Metabolite-Investigator: An integrated userfriendly workflow for metabolomics multi-study analysis.

Bioinformatics 2020 Nov 16. Epub 2020 Nov 16.

Institute for Medical Informatics, Statistics and Epidemiology, Leipzig University, Leipzig, Germany.

Motivation: Many diseases have a metabolic background, which is increasingly investigated due to improved measurement techniques allowing high-throughput assessment of metabolic features in several body fluids. Integrating data from multiple cohorts is of high importance to obtain robust and reproducible results. However, considerable variability across studies due to differences in sampling, measurement techniques and study populations needs to be accounted for.

Results: We present Metabolite-Investigator, a scalable analysis workflow for quantitative metabolomics data from multiple studies. Our tool supports all aspects of data pre-processing including data integration, cleaning, transformation, batch analysis as well as multiple analysis methods including uni- and multivariable factor-metabolite associations, network analysis and factor prioritization in one or more cohorts.
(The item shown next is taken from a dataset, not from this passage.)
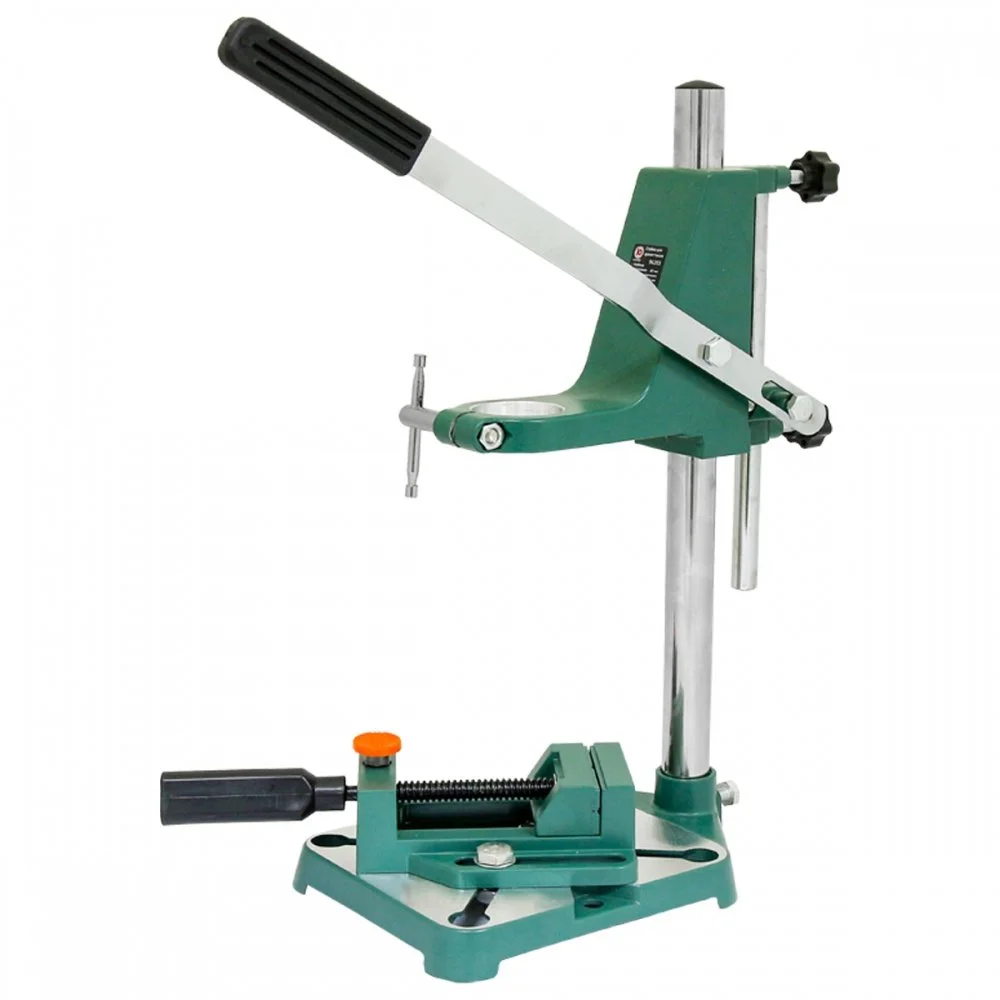 Стойка для дрели Калибр артикул 96203 с тисками используется для работы с дрелью без удерживания дрели в руках. С помощью стойки производят вертикальное закрепление инструмента. Стойку можно зафиксировать на поверхности стола при помощи болтов. В комплекте предусмотрены тиски, с помощью которых фиксируют различные заготовки

Moreover, it allows identifying critical interactions between cohorts and factors affecting metabolite levels and inferring a common covariate model, all via a graphical user interface.

Availability: We constructed Metabolite-Investigator as a free and open web-tool and stand-alone Shiny-app. It is hosted at https://apps.health-atlas.de/metabolite-investigator/, the source code is freely available at https://github.com/cfbeuchel/Metabolite-Investigator.

Supplementary Information: Supplementary data are available at Bioinformatics online.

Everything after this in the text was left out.